## PROMPT
Which lines of the listing hold the string "Mora"? Show each of them.

——————————

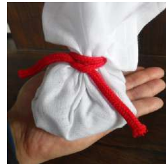
4・紐を結べば完成！後は…気になる所へ当てるだけ！
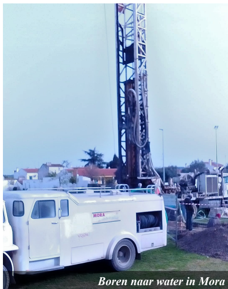
Boren naar water in Mora

“Door het Evangelie handen en voeten te geven, kunnen de inwoners van Mora werkelijk kennismaken met het Woord dat leven geeft.”
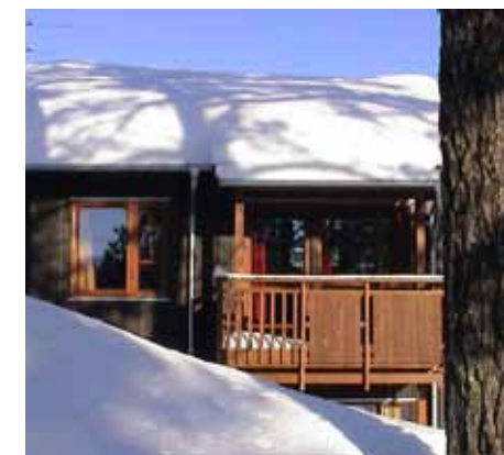
Nye omsorgboliger på Berkåk viser god utforming av nye byggeoppdrag. (Ark. Eggen arkitekter)
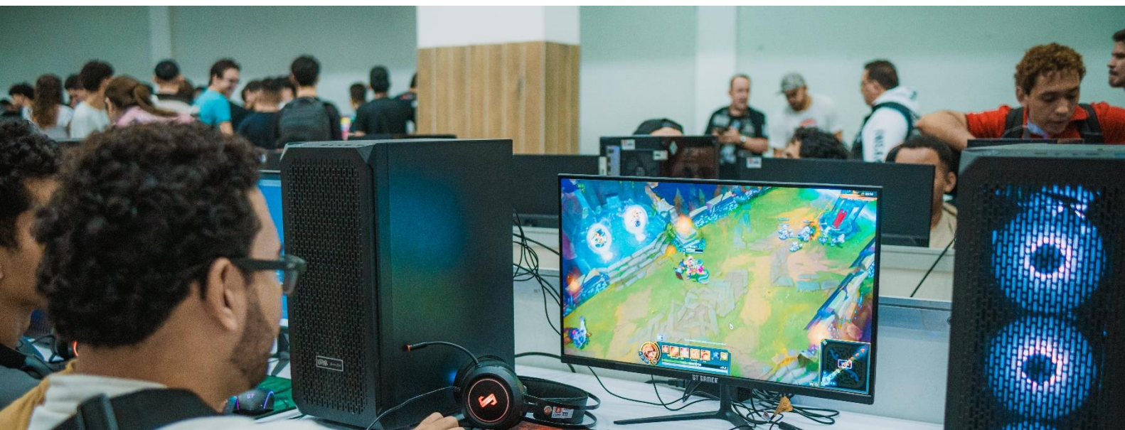
Figure 12 Caju Gamer Con 2026

——————————

## WRITTEN RESPONSE
Boren naar water in Mora
“Door het Evangelie handen en voeten te geven, kunnen de inwoners van Mora werkelijk kennismaken met het Woord dat leven geeft.”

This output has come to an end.